→ Available data

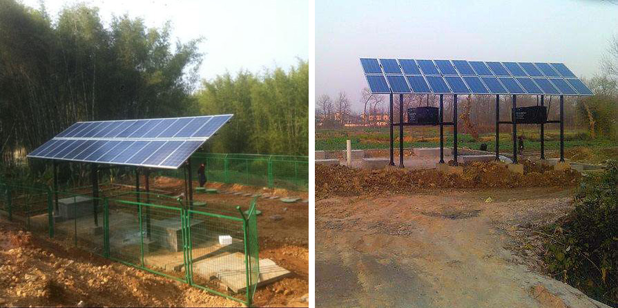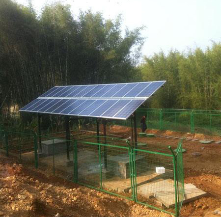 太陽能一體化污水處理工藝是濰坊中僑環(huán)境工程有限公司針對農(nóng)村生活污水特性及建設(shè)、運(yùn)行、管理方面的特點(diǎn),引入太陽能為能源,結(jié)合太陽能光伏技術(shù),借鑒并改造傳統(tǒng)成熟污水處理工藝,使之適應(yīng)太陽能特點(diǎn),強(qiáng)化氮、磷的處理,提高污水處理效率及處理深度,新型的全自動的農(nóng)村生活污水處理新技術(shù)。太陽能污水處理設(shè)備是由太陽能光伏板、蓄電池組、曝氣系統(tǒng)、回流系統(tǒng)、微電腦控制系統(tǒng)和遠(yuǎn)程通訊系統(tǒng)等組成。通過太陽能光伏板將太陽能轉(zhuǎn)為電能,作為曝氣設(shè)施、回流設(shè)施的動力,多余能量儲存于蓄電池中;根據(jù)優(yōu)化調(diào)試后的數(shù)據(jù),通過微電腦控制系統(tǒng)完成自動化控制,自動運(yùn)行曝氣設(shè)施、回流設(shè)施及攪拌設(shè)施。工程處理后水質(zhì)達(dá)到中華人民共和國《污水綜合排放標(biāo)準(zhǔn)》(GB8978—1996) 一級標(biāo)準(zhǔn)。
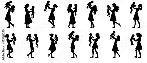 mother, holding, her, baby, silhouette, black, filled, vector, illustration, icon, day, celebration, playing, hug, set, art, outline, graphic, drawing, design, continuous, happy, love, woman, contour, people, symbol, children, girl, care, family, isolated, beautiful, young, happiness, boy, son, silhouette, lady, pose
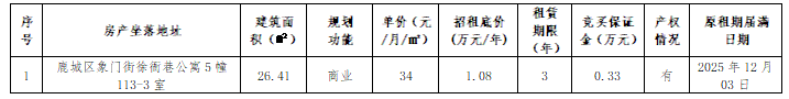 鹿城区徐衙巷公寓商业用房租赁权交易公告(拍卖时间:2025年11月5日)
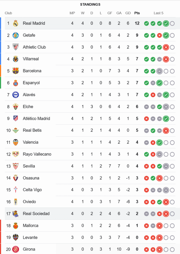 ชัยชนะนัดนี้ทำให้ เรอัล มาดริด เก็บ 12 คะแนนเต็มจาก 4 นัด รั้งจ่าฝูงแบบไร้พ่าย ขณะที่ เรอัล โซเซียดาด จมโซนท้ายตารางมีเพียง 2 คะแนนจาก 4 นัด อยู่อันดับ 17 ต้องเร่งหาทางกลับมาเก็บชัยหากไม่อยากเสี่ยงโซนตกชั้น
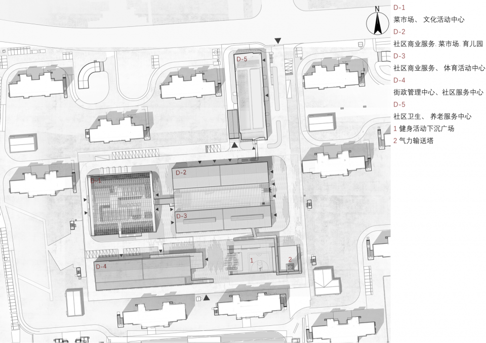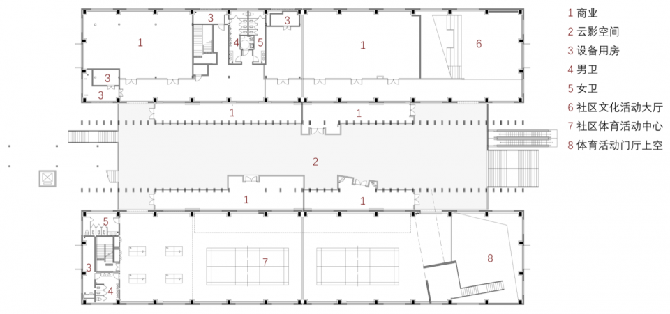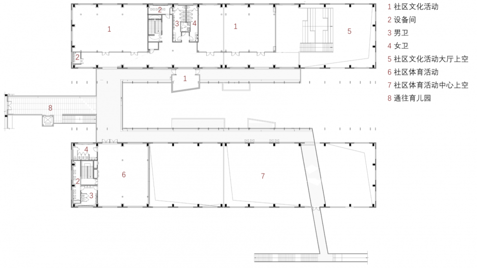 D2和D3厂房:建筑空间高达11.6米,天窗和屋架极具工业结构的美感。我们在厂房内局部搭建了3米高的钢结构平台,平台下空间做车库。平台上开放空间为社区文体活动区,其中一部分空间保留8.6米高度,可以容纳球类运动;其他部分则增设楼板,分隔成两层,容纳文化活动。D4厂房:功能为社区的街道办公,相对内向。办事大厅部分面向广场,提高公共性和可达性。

→ To do
Please copy the records above word for word, leaving out every picture.

→ Exercise result
 太陽能一體化污水處理工藝是濰坊中僑環(huán)境工程有限公司針對農(nóng)村生活污水特性及建設(shè)、運(yùn)行、管理方面的特點(diǎn),引入太陽能為能源,結(jié)合太陽能光伏技術(shù),借鑒并改造傳統(tǒng)成熟污水處理工藝,使之適應(yīng)太陽能特點(diǎn),強(qiáng)化氮、磷的處理,提高污水處理效率及處理深度,新型的全自動的農(nóng)村生活污水處理新技術(shù)。太陽能污水處理設(shè)備是由太陽能光伏板、蓄電池組、曝氣系統(tǒng)、回流系統(tǒng)、微電腦控制系統(tǒng)和遠(yuǎn)程通訊系統(tǒng)等組成。通過太陽能光伏板將太陽能轉(zhuǎn)為電能,作為曝氣設(shè)施、回流設(shè)施的動力,多余能量儲存于蓄電池中;根據(jù)優(yōu)化調(diào)試后的數(shù)據(jù),通過微電腦控制系統(tǒng)完成自動化控制,自動運(yùn)行曝氣設(shè)施、回流設(shè)施及攪拌設(shè)施。工程處理后水質(zhì)達(dá)到中華人民共和國《污水綜合排放標(biāo)準(zhǔn)》(GB8978—1996) 一級標(biāo)準(zhǔn)。
 mother, holding, her, baby, silhouette, black, filled, vector, illustration, icon, day, celebration, playing, hug, set, art, outline, graphic, drawing, design, continuous, happy, love, woman, contour, people, symbol, children, girl, care, family, isolated, beautiful, young, happiness, boy, son, silhouette, lady, pose
 鹿城区徐衙巷公寓商业用房租赁权交易公告(拍卖时间:2025年11月5日)
 ชัยชนะนัดนี้ทำให้ เรอัล มาดริด เก็บ 12 คะแนนเต็มจาก 4 นัด รั้งจ่าฝูงแบบไร้พ่าย ขณะที่ เรอัล โซเซียดาด จมโซนท้ายตารางมีเพียง 2 คะแนนจาก 4 นัด อยู่อันดับ 17 ต้องเร่งหาทางกลับมาเก็บชัยหากไม่อยากเสี่ยงโซนตกชั้น
 D2和D3厂房:建筑空间高达11.6米,天窗和屋架极具工业结构的美感。我们在厂房内局部搭建了3米高的钢结构平台,平台下空间做车库。平台上开放空间为社区文体活动区,其中一部分空间保留8.6米高度,可以容纳球类运动;其他部分则增设楼板,分隔成两层,容纳文化活动。D4厂房:功能为社区的街道办公,相对内向。办事大厅部分面向广场,提高公共性和可达性。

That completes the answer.